When we meet Romijn, it's just days before the announcement that she's separated from her husband of five years, John Stamos. She says she's cross-eyed (though not literally, unless we were too focused on the slip-thing to notice) from talking so much about her latest projects. She was game to soldier on, though, extolling the value of conniption fits, the wisdom she gleaned from "Godsend" ' co-star Robert DeNiro and why we should all avoid small children with bad haircuts.
Question: These two movies you're in ... they raise a lot of questions.
Rebecca Romijn: Please, not the cloning thing again.
Question: No, no. Well, first off, you have that childbirth scene in "Godsend" ' and I've always wondered where they get those newborns. Does somebody send them over from the hospital?
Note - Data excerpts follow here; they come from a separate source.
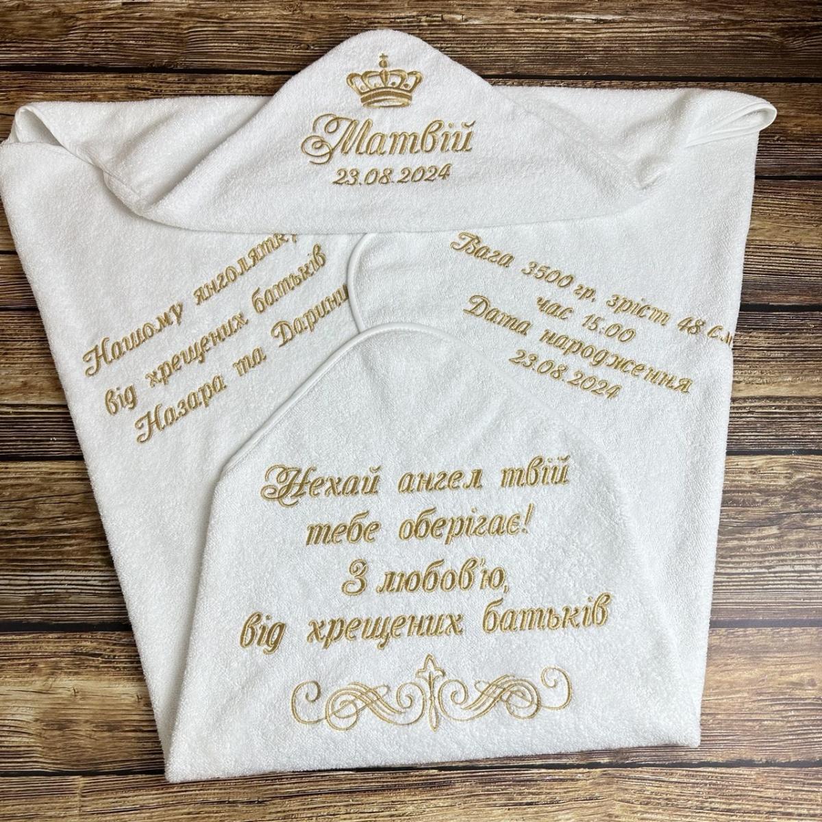 Ніжна та вишукана хрестильна крижма розміром 100×100 см — ідеальний вибір для особливого дня вашого малюка. Виготовлена з м’якого махрового полотна, вона має капюшончик із вишивкою, що додає зворушливості й практичності. Тканина дуже приємна на дотик, не подразнює ніжну шкіру дитини, чудово вбирає вологу та забезпечує комфорт після купелі. Висока якість матеріалу і вишивки гарантує, що крижма залишиться пам’ятною річчю на довгі роки.
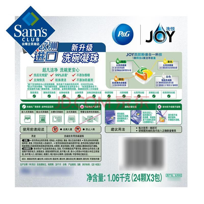 商品相册:比利时进口 洗碗凝珠 24颗*3 354g 3袋第1张/共5
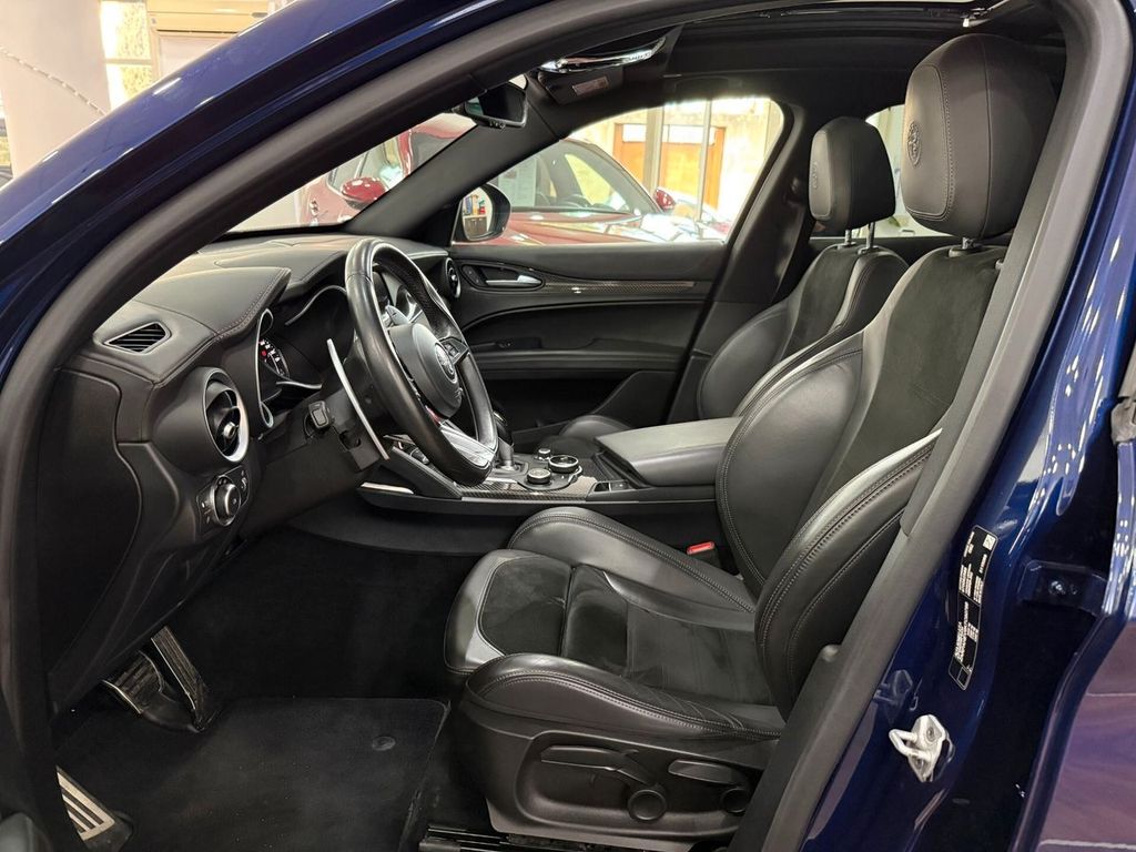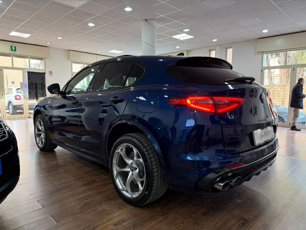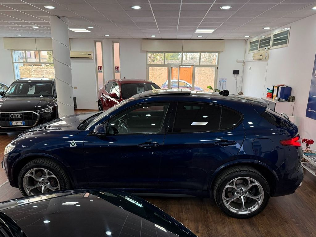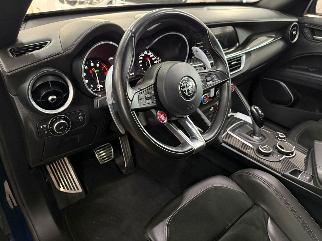 Motore 2.9L V6 Bi-Turbo benzina da 375 kW (510 CV) e 600 Nm di coppia, derivazione da tecnologie Ferrari, airbag lat., airbag lato guida / lato passeggero airbag lato passeggero disinseribile, aiuto parcheggio elettronico ant. e post., Allestimento int.: interni Scuro, Montante tetto e padiglione in Nero, Allestimento int.: modanature int. carbonio, Allestimento int.: telaio il plancia cruscotto e pannello porta in Look Carbon, alloggiamenti Isofix per sedile bambini, alzacristalli elettr. ant. + post., apertura portellone elettr., assetto attivo con elettronico regolazione ammortizzatore (Active Suspension), Assistente pioggia freni (RBA), attivo Controllo momento sterzata, bracciolo ctr. ant. con vano portaoggetti, calandra ant. Antracite, cambio automatico - (8 rapporti), cerchi in lega antpost.: 9x20 / 10x20 (Classico), chiusura centralizzata con comando a distanza, climatizzatore automatico 2 zone, controllo frenata in curva, differenziale autobloccante (Q2), Electronic Traction Control, elettron. controllo stabilità, elettron. regolatore di frenata, fanali post. led, fanali post. scuri, fendinebbia, sedili: Pelle alcantara, freno di stazionamento elettr., immobilizzatore (elettronico), impianto freni: Brembo, impianto regolazione velocità adattativo, impianto scarico doppio terminale, Infotainment-System: UConnect 3D Nav (schermo a colori 8,8") radioricevitore Digital (DAB), viva voce Bluetooth incl. Audio Streaming, presa AUX-IN, porta USB Keyless-Entry, lampeggiatori led in retrovisore est. integrato, luci stop con Funzione di emergenza, maniglie porta est. Alluminiumlook, modanature sottoporta (alluminio) con Logo, paraurti ant. e post. in Quadrifoglio Design, pedali alluminio, pedali sportivi, piantone sterzo (volante) regolab. (verticale / assiale), pinze freno anodizzato, plancia cruscotto e pannelli porta in pelle, poggiatesta post. pomello leva/selettore cambio alluminio, pomello leva/selettore cambio pelle Perforato, protezione inf. post., regolatore antibloccaggio in decelerazione motore, regolazione antislittamento trazione, retrocamera, retrovisori est. pieghevoli, retrovisore est. con autoanabbagliante, retrovisore est. tinta carrozzeria, riscaldamento sedili ant., scarico sportivo, sedile post. sdoppiat. / ribaltab. (Asimmetrico), sedili sportivi pelle / microfibra / Alcantara, sensore luci e pioggia, servofreno (HBA / EBA) servosterzo (sterzo attivo) Dynamic Steering Torque (DST) sistema airbag testa, sistema anti-inquinamento normativa Euro 6d-TEMP, ABS, Alfa Romeo Sistema di dinamica di movimento D.N.A., assistente abbaglianti, Assistente alla frenata di emergenza indipendente, assistente angolo morto, assistenza partenza in salita, Avviso collisione fr
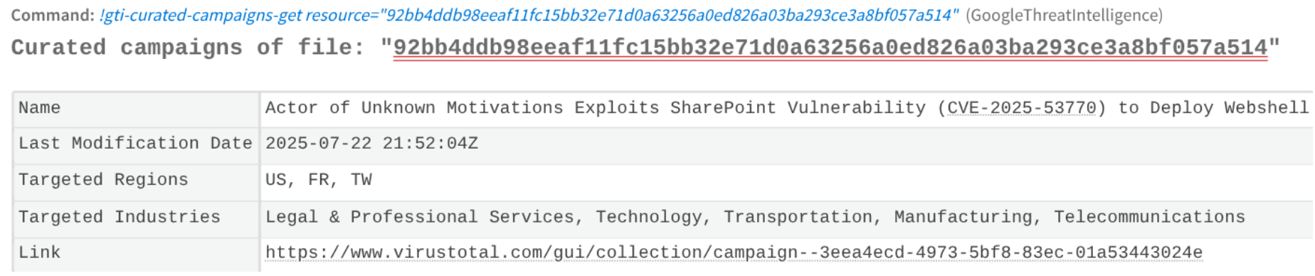 Based on the high-fidelity intelligence received from Google TI, XSOAR playbooks can orchestrate an immediate and decisive response without human intervention. For instance, if GTI confirms a file hash is a known ransomware variant, a playbook can automatically trigger actions across other integrated tools: quarantine the endpoint via an EDR solution, block the hash enterprise-wide, and add any associated malicious domains or IPs to a firewall blocklist. Furthermore, the integration enables proactive defense. XSOAR can be configured to periodically query Google TI's custom threat feeds (e.g., those generated by Livehunt rules) and automatically ingest new IoCs related to specific threats, feeding them directly into defensive systems like firewalls and web proxies to block threats before an alert is even generated.
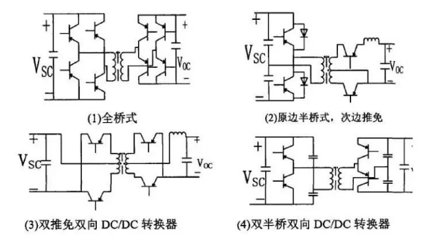 隔離型雙向DCDC,在非隔離型雙向DCDC轉(zhuǎn)換器的基礎(chǔ)上加上一個(gè)高頻變壓器就構(gòu)成了隔離型雙向DCDC轉(zhuǎn)換器,高頻變壓器兩側(cè)的電路拓?fù)淇梢允侨珮蚴健霕蚴健⑼仆焓降鹊取_@幾種隔離型的雙向DCDC轉(zhuǎn)換器,采用了更多的功率開關(guān),電壓變比大,帶電氣隔離等優(yōu)點(diǎn)。但是這類DCDC轉(zhuǎn)換器結(jié)構(gòu)復(fù)雜,成本也相對(duì)較高,轉(zhuǎn)換器的損耗高,低頻時(shí)會(huì)導(dǎo)致隔離變壓器鐵芯飽和,損耗會(huì)進(jìn)一步增加。因此,非隔離型雙向DCDC轉(zhuǎn)換器比隔離型在電動(dòng)汽車上運(yùn)用更具有優(yōu)勢(shì)。
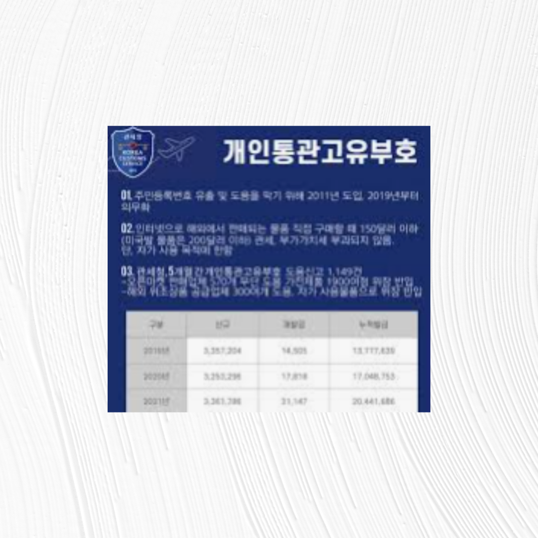 과거에는 주민등록번호를 이용해 수입 신고를 진행했지만, 개인정보 보호 및 보안 강화를 위해 관세청에서 개인통관부호 제도를 도입하였습니다. 이를 통해 개인정보 유출 위험을 줄이고, 세관에서 신속하고 정확한 통관이 가능해졌습니다.
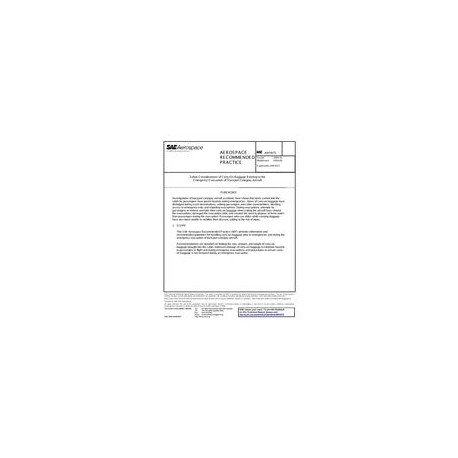 This SAE Aerospace Recommended Practice (ARP) provides information and recommended guidelines for handling carry-on baggage prior to emergencies and during the emergency evacuation of transport category aircraft.Recommendations are provided on limiting the size, amount, and weight of carry-on baggage brought into the cabin, improved stowage of carry-on baggage to minimize hazards to passengers in flight and during emergency evacuations, and procedures to ensure carry-on baggage is not removed during an emergency evacuation.
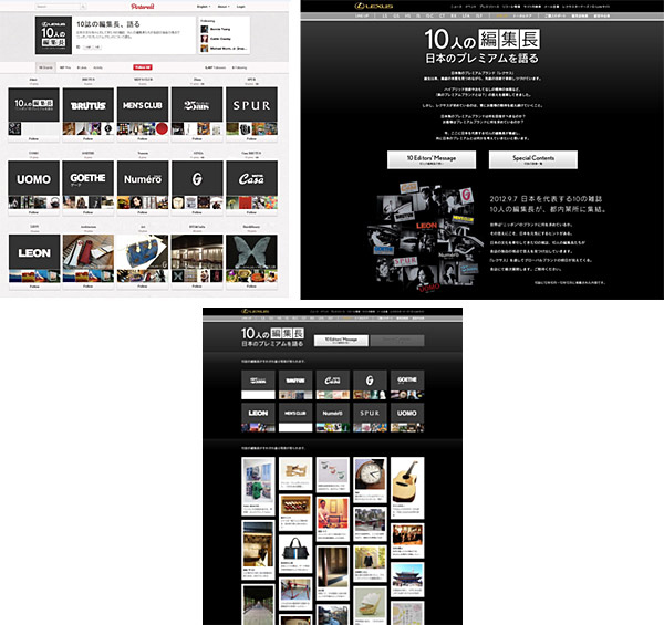 トヨタ自動車は、1月31日、日本を代表する雑誌10誌の編集長が参加する「10人の編集長 日本のプレミアムを語る」プロジェクトを、写真共有型SNS(ソーシャル・ネットワーキング・サービス)の「Pinterest(ピンタレスト)」特設ページと高級車ブランド「LEXUS」公式サイト内の特設ページで開始した。3月31日まで。
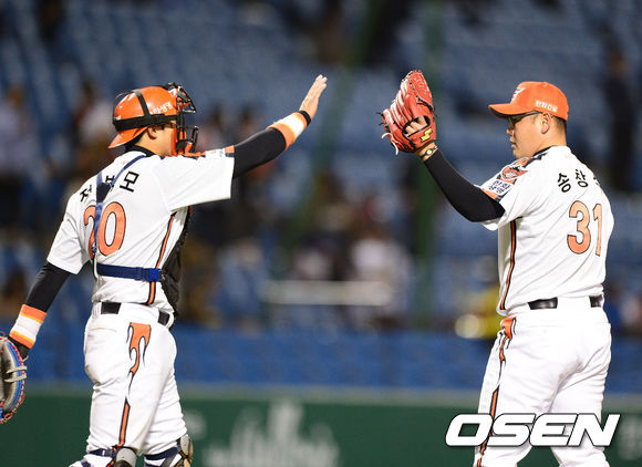 경기 종료후 송창식과 정범모가 승리의 하이파이브를 하고 있다./ ajyoung@osen.co.kr

Rebecca Romijn: Those were triplets. They were like 3 1/2 weeks old. They put strawberry jam all over them to make them look like they just came out of the oven.
Question: Strawberry jam? You're kidding.
Rebecca Romijn: No. It made me want to ask for some toast and butter.
Question: Next question: Why do all the evil kids in movies -- like the boy in "Godsend" ' -- have bad haircuts?
Rebecca Romijn: There's nothing scarier than a bad haircut.
Question: That's where the evil comes from, don't you think?
Rebecca Romijn: From bad haircuts? It starts there. I feel pretty evil if I get a bad haircut.